"You were a very bad girl. What do you think, Mr. Lee? She came home and said that a—that a"—she gulped—"a strange man had stopped and spoken to her. Such a thing to say! And she didn't tell me who it was for ever so long."

He understood that he had been referred to as a "nigger." She deprecated her blunder to the younger woman with worried eyes, and the latter struck in hastily:

"I was just telling Mr. Lee what I want to do, mother. He thinks he might help me."

"Oh, now I'm sure that's very kind of him indeed! You see, Mr. Lee, it's not altogether nice for Ownie here, and of course having had a home of her own, she feels it more still. Well, dear, you do, it's no good denying it! If she had something to take her out of herself a little it would be so good for her in every way; and we always thought she would make money with her voice—it's a magnificent one, really."

Mrs. Harris shrugged her shoulders. "To talk about its being 'magnificent' in front of Mr. Lee is rather funny. But if I could make even a second-rate position," she went on, "I should be satisfied. I'd try for an engagement in a comic opera if I thought I could act, but I'm afraid I should be no good on the stage, and one has to start in such tiny parts. We had a lady staying with us who used to be in the profession, and she was telling us how hard the beginning was."

"And do you imagine that concert-engagements are to be had for the asking?" he said. "Good heavens! But of course you don't know anything about the musical world—how should you?"

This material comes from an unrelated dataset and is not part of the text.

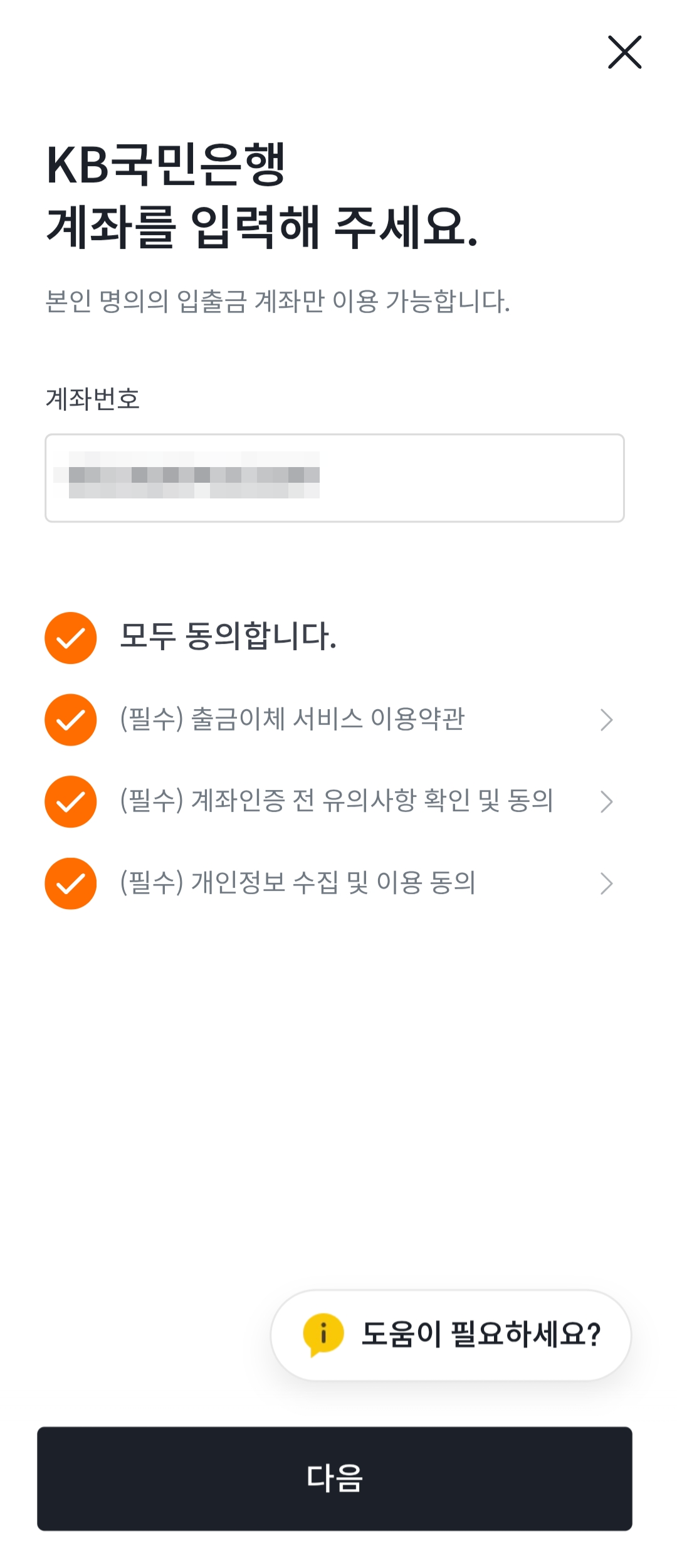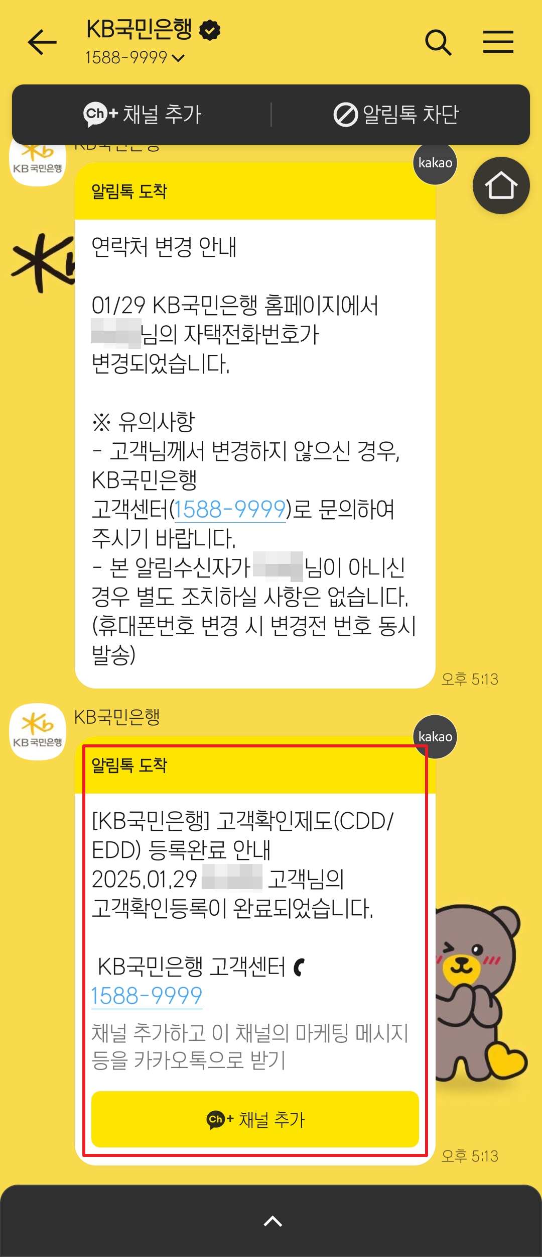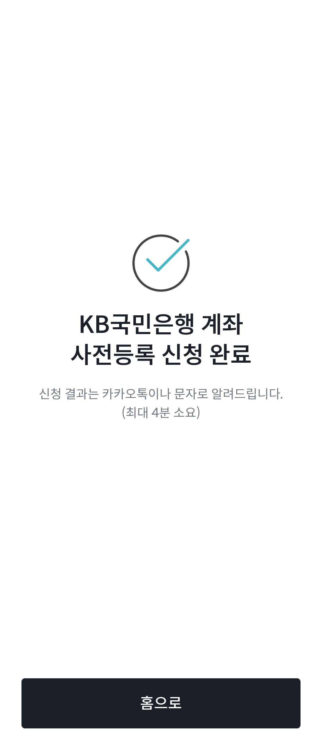 계좌번호와 비밀번호를 입력하여 고객확인을 완료합니다. 국민은행에서 알림톡이 오면 고객확인이 완료된 것입니다.

"I don't imagine that they are to be had for the asking," she returned a shade tartly; "but if one can sing well enough, the platform must be easier for a woman like me than the stage, by all accounts."

"Accounts," he echoed, "whose accounts? I could give you accounts that would make your hair stand up. Do you know that professional singers, with very fine voices, come over from the Colonies to try to get an appearance here and find they can't do it? They eat up all the money that they've saved and go back beggared. They go back beaten and beggared. It is happening all the time. My dear girl, you couldn't make a living on the concert-stage under five years if you had the voice of an Angel."

"Not if I had bad luck, I daresay," she muttered.

"I tell you nobody can do it—it isn't to be done. It would take you five years to earn a bare living if you were a Miracle. The Americans and Australians try it for two or three and clear out with broken hearts and empty pockets. It's killing; they starve while they are struggling to be heard. I'll give you an example; a singer with a glorious voice came to England—I say it, 'glorious.' I won't mention his name, it wouldn't be fair; but, mind, this is a fact! He had worked hard in his own country—they believed in him there; they got up a benefit for him before he sailed. He had three thousand pounds when he landed—and he spent every penny trying to get a footing here and went home in despair.... Do you know that when I give a concert, even artists who are making a living go to my agent, and offer him twenty, twenty-five, thirty guineas to be allowed to sing at it?"